Т. П. был страстным организатором, режиссером и продюсером, не потому что его снедала примитивная жажда славы (мне кажется, что он был умнее), а потому что обладал видением целого (от отдельного произведения, выставки, жеста — до целого движения, им инициированного). Он был наилучшим зрителем, идеальным болельщиком того, что делал его театр, и при нем, только при нем этот театр выступал вполне сносно. В нем было что-то родственное Дягилеву, горение которого обеспечивало то, что делало все эти хваленые и в то же время духовно ничтожные «сезоны» великими событиями искусства, уходившими в небытие, как только опускали занавес. Тимур Петрович был воплощением ответственности, какая могла быть свойственна только мальчишке, с детства помнившему рассказ Пантелеева «Честное слово», хотя, может быть, свою роль сыграло его загадочное национальное происхождение — мне кажется, что оно уводит к благородным кавказским корням. Это связано с его даром видения: видеть все, за всех, самым интенсивным образом. Может быть, слепота только обострила этот дар.

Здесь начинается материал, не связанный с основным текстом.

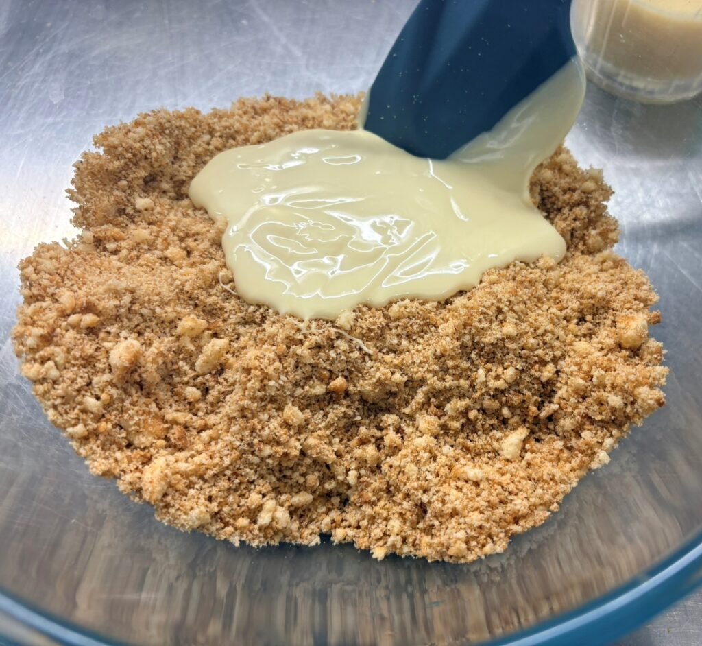 Sciogliete a bagnomaria o al microonde il cioccolato bianco e versatelo sui biscotti.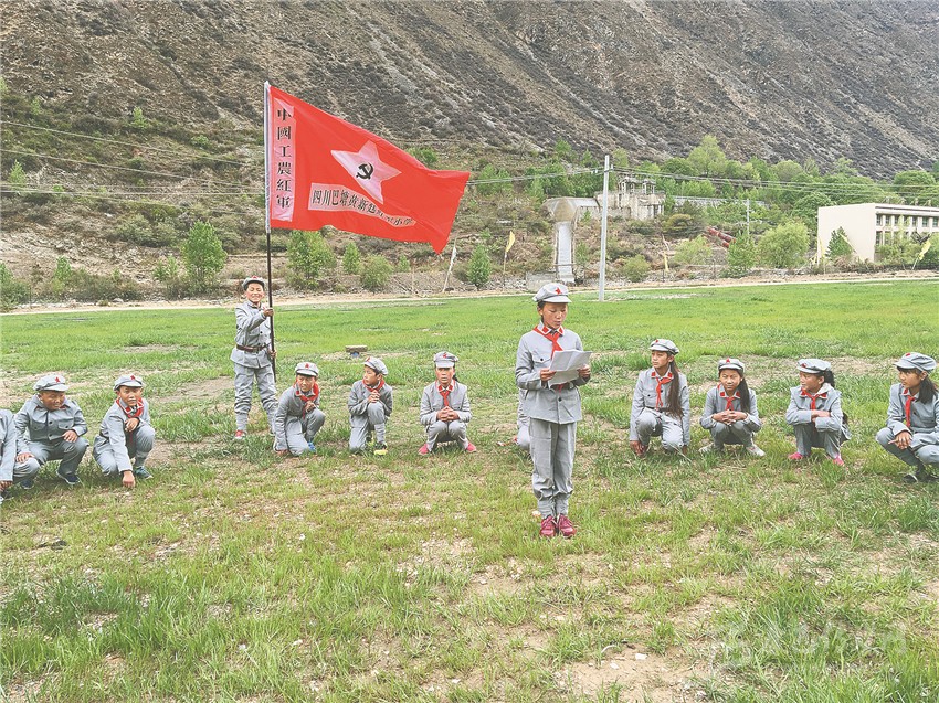 在巴塘,紅色教育是各個(gè)學(xué)校的“必修課”。巴塘金弦子小學(xué)少年軍校是巴塘縣第一所少年軍校。鮮明特色、多彩活動(dòng)、創(chuàng)新教育,渲染出絢麗“紅色”。學(xué)校教務(wù)副主任陳雪秋告訴筆者,革命傳統(tǒng)不能忘,紅色精神代代傳,少年軍校是接力站,把革命火炬接續(xù)傳遞;是大熔爐,讓小小少年錘煉意志、升華靈魂,讓紅色的旗幟高高飄揚(yáng)。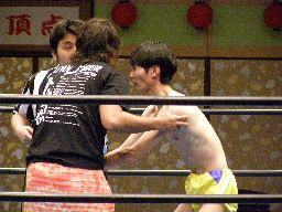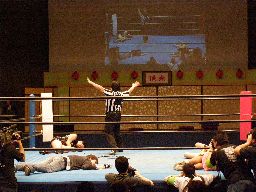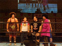 亜門「リングに集合!先鋒はアントン、次鋒は趙雲で、副将はペドロで、大将は坂井、あれ、一人足りないな。日韓って試合するのか?アイスリボンとかでやってんだよな、確か。中堅誰かいないか?この会場にいるプロレス経験のある奴集まって!」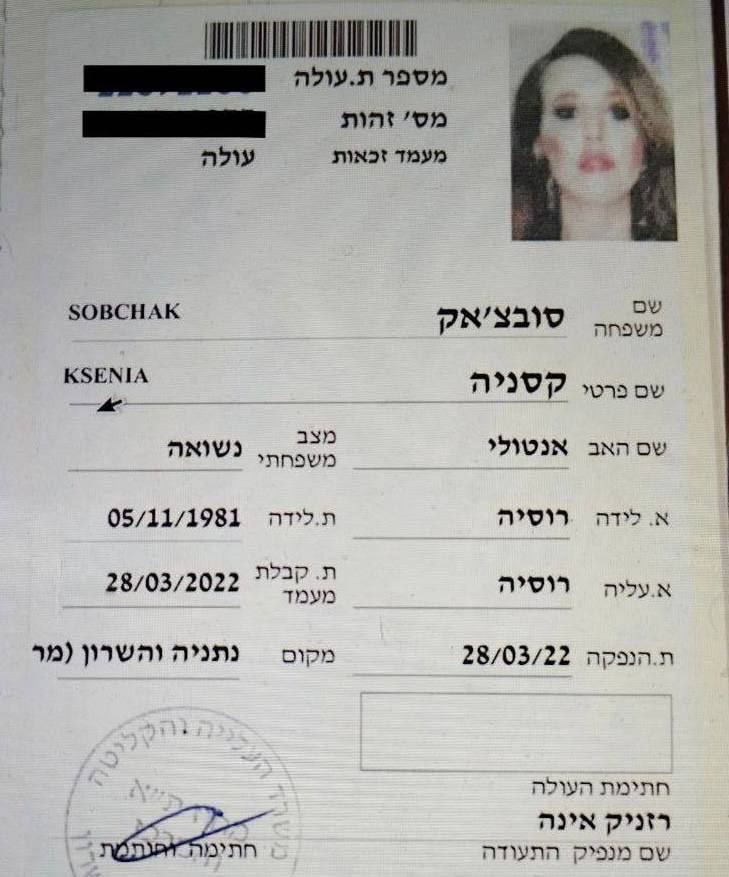 Согласно фото, журналистка получила данный паспорт 20 сентября (а подала на него заявку ещё в марте). Российские СМИ пишут, что в тот день ее видели у израильского посольства в Москве со своим бывшим супругом Максимом Виторганом.

…Мне тоже кажется, что Т. П. всегда был в хорошем настроении и оставался бы таким еще дольше, если бы не болезнь и не начавшееся с 1993 года помрачение (расстрел Белого дома, начало буржуинства, потом сербская война и т. д.). Это веселое настроение, бодрый тонус у него не только от природы, но также из советского времени, из эпохи «производственной гимнастики» (кажется, в 11:00). При этом неважно, что Т. П. вставал поздно: спать ведь тоже можно весело, всласть. Откуда это?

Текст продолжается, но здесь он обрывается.